# i want to cut but dont have enough muscle mass ?



## faizan (Jul 7, 2017)

Hi guys

I want to cut but i dont have enough muscle mass . I havebeen doing gym for about 2 months and put some muscle mass during this duration . I dont want to get a big body like most builders . What i want is an aesthetic body. So plz guide me according to my goal .


----------



## Jordan08 (Feb 17, 2014)

Forget about cutting bulking. Eat at maintenance and lift some good weights. Hows your training and diet look like at the moment?


----------



## ILLBehaviour (Dec 20, 2014)

It's going to take you a lot longer than 2 months to build an aesthetic body op. Do as advised above until you build some muscle then see how you look.


----------



## Ultrasonic (Jul 13, 2004)

2 months is nothing.

If you want to look leaner then focus on fat loss for a while. It wouldn't be 'wrong' to do this if you really want to. If your bigger concern is a lack of muscle then focus on making progress in the gym whilst eating enough to gain weight slowly but without too much fat gain.

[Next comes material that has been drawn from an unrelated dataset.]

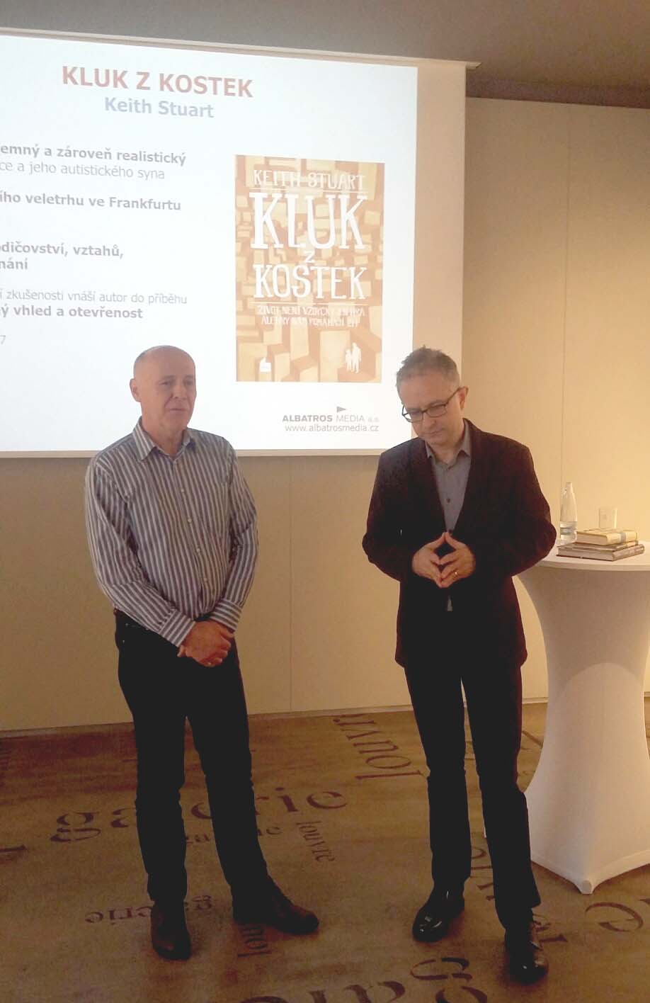 Další dobrá zpráva - o autismu se nejen mluví, ale i píše :-) Ve středu 1. února představil v Galerii café Louvre programový ředitel společnosti Albatros Media Ondřej Mueller novinářům bestseller Kluk z kostek. Příběh muže, který tak nějak zapomněl dát svoji ženě najevo, že ji stále miluje, a který má autistického syna, kterého vůbec nechápe. Rodina se pomalu rozpadá ... Táta se synem pro sebe ale nakoenc objeví společný prostor, ve kterém táta konečně nahlíží do světa svého syna. Hostem Merendy byl táta, Jan Sokol, který hovořil o svých pocitech a zkušenostech s výchovou svého autistického syna Radovana. Máme radost, že spolupráce s Albatros Média touto akcí teprve začíná. Těšíme se!

Nobody has ever accidentally got 'too big'. To get the sort of body I'm sure you're after you'll still want to gain a significant amount of muscle so what you do right now would be exactly the same as someone whose long term ambition is to be bigger. (And note that probably all the people you think of as bodybuilders use lots of steroids to get that big.)


----------



## Donny dog (May 1, 2013)

Just to follow on from what @Ultrasonic has said.

I think the op's concerns about getting too big are what put most people off bodybuilding.

Everyone who is a regular gym user knows the lengths people have to go to to look and be enormous but a lot of people are concerned with mistaken beliefs that as soon as they go into a gym, if they do 3 months training they're going to look freakishly big.

Sad really.


----------



## Fadi (Dec 14, 2010)

faizan said:


> Hi guys
> 
> I want to cut...


 Sure why not. But first, before cutting, a sculptor begins his work with a substantial amount of material to work with (to cut), otherwise to contemplate cutting before having something to cut, would be illogical...



faizan said:


> ...but i dont have enough muscle mass .


 ...see how logic made you hit the nail on the head! You've basically affirmed what I wrote above. Let's keep going...



faizan said:


> I havebeen doing gym for about 2 months and put some muscle mass during this duration


 In two months, your muscles haven't even woken up to the fact that they've been asked to get big. The results you've achieved so far are based on some adaptation made by your nervous system, as without this most essential of all systems, you won't be able to build an ounce of muscle. So in a nutshell, your two months in the gym so far I would consider no more than a warm up; priming/activating the nervous system for what's to come. Moving on...



faizan said:


> I dont want to get a big body like most builders


 These type of statements only serve to expose your lack of knowledge of the sport of bodybuilding. I do not say this with any kind of disrespect towards your person, so please take it as an observational remark on my part, a remark that has truth to it nonetheless. Once you learn a thing or two about this very unique sport, you'd come to understand the meaning of my words.



faizan said:


> What i want is an aesthetic body


 Success comes before work only in a dictionary, never lose sight of this fundamental fact and its implication on all life's facets. What you want before "an aesthetic body" is the right attitude to make progress. Coming here and politely asking your question clearly indicates to me that you do have the right attitude and the humility needed to listen to others who have travelled the road before you.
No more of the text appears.